Aylardır süren görüşmeler, Abu Dabi Velihat Prensi Muhammed Bin Zayed El Nahyan ve AKP’li Cumhurbaşkanı Recep Tayyip Erdoğan ortasında geçen ay gerçekleşen telefon görüşmesinden evvel başladı.
Sözcü’nün Bloomberg’den aktardıklarına nazaran, hususa yakın üç kaynak, Emirlik’in en büyük fonu Abu Dhabi Investment Authority (ADIA) ve en yeni kurulan fonu ADQ, Türk şirketleriyle geçtiğimiz haftalarda görüşmeler yaptı. Bir kaynağa nazaran yalnızca ADQ, Türk fintech ve sıhhat kesimi firmalarına 1 milyar dolara kadar yatırım yapmayı pahalandırıyor.
Birleşik Arap Emirlikleri’nin ikinci en bedelli halka açık şirketi olan International Holding’in (IHC) sözcüsü sıhhat ve sanayi bölümlerindeki yatırım fırsatlarını değerlendirdiklerini söyledi. Sözcü “Türkiye bizim için büyük bir yatırım fırsatı olabilecek en değerli besin sürece tesislerinden birine sahip” diye konuştu.
İLGİLERDE YUMUŞAMA
Bir kaynağa nazaran ortalarında Abu Dhabi merkezli Royal Group’a ilişkin özel yatırım şirketi Chimera Investments ve Nerve Holding’in de olduğu öbür fonlar Türkiye’yi incelerken bu fonların her biri 1 milyar dolara kadar yatırım yapabilir.
Görüşmeler erken evrede olsa da Suriye ve Libya’da karşı karşıya gelen iki ülke ortasındaki bağlardaki yumuşamaya işaret ediyor.
Ağustos ayında BAE Ulusal Güvenlik Danışmanı Pir Tahnun bin Zayed El Nahyan Ankara’da Erdoğan ile görüşmüştü. Tahnun tıpkı vakitte ADQ, IHC ve Royal Group’un idare heyeti başkanlığını yürütüyor.
Şu tarihe kadar Türkiye’ye en büyük BAE yatırımı 2019’da Emirates NDB’nin Denizbank’ı Rus Sberbank’tan 2,75 milyar dolara satın almasıyla yapılmıştı.
Bu ayın başında Dubai merkezli lojistik firması Aramex, MNG Kargo’yu satın alma görüşmeleri yaptığını duyurmuştu.

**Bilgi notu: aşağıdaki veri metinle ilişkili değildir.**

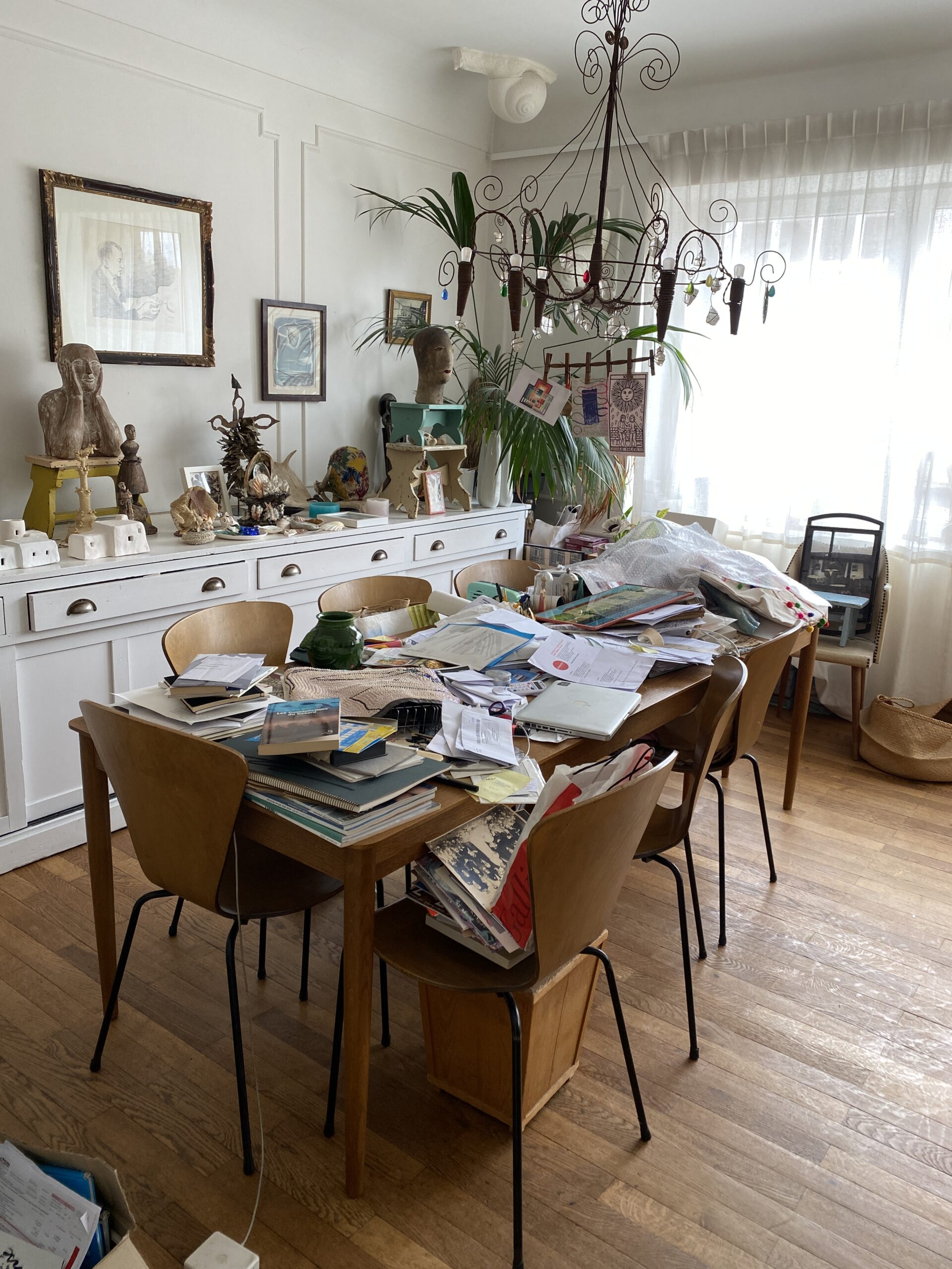 Ranger, ici, c’est libérer l’espace occupé par la paperasse (qui n’a pas lieu de s’y trouver) pour le consacrer aux objets que nous aimons, et rendre les dîners en famille ou entre amis à nouveau possibles.

PEKER DE DUBAI’DE ŞİRKET KURMUŞTU
Türkiye’de, hakkında organize cürüm örgütü yöneticisi olduğu savıyla soruşturma başlatılan Sedat Peker’in son olarak bulunduğu Birleşik Arap Emirlikleri ile ilgili dikkat çeken bir gelişme yaşanmıştı.
Dubai’de şirket kurduğunu açıklayan Peker geçtiğimiz günlerde halktv.com.tr muharriri İsmail Saymaz’a konuşarak, “Üç yıllık oturum aldım. İş insanı olarak bulunuyorum. Pasaportum iptal edildiği için öbür bir ülkeye gidebilmem mümkün değil. Çabayı bırakmış değilim” demişti.
Pasaportunun iptal edildiğini belirten Peker ayrıyeten, “Pasaportumun iptal edildiği tarih ‘Belki diğer bir ülkeye geçebilirim’ diye paylaşım yaptığım vakte denk geliyor. Eşim ve yaşları küçük olan üç çocuğum haricinde, ailem ve etrafımdaki herkesin pasaportları iptal edildi. Hangi münasebetle iptal edildiğini şimdi anlayamadım. Mahkeme kararı olmadan, İçişleri Bakanı talimatıyla iptal edildiler” diye konuşmuştu.